[[ RAW DATA, beginning ]]

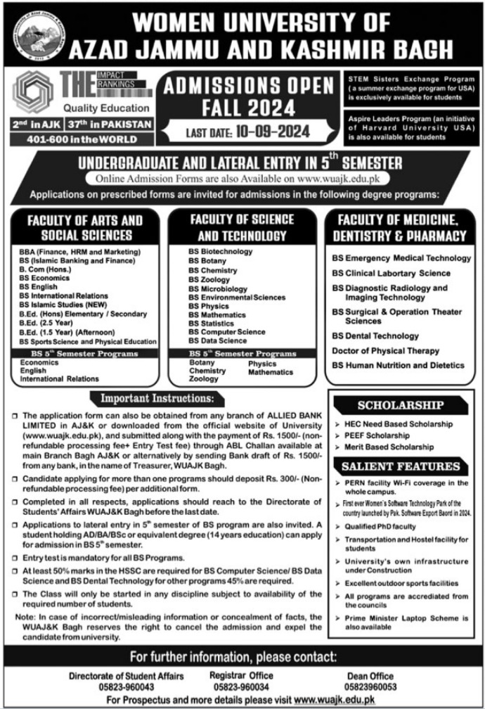 Admissions in Women University of Azad Jammu & Kashmir 2024 for Finance HRM and Marketing, Biotechnology, Emergency Medical Technology, Economics, Zoology, Surgical & Operation Theater Sciences has been announced. Eligible students can apply for academic admissions 2024 in Women University of Azad Jammu & Kashmir Bagh AJK Pakistan for Teaching University. Students for admissions in BS, B.ed, DPT, B.com and BBA can apply for online or campus classes as per Government institute criteria till admission closing date September 10, 2024. Read newspaper ad for exact details.
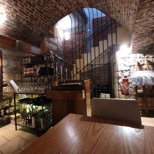 We ate in the vaulted cellar dining room. The food was homemade, but the service needs improvement. Wine was served at the end of the meal, and the waiter didn't know the ingredients of the cocktails and was rather cold. However, the food was very good.
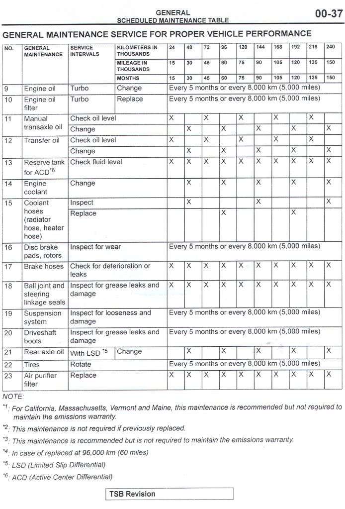 When it comes to maintenance, i highly recommend following the general maintenance schedule. It was design for our cars in mind.

[[ RAW DATA, end ]]

(YOUR TASK) Each line from the one holding "We ate in the" through the end of the listing is to be output exactly, both ends included, with no other lines and the pictures left out.

(ANSWER SPACE)
 We ate in the vaulted cellar dining room. The food was homemade, but the service needs improvement. Wine was served at the end of the meal, and the waiter didn't know the ingredients of the cocktails and was rather cold. However, the food was very good.
 When it comes to maintenance, i highly recommend following the general maintenance schedule. It was design for our cars in mind.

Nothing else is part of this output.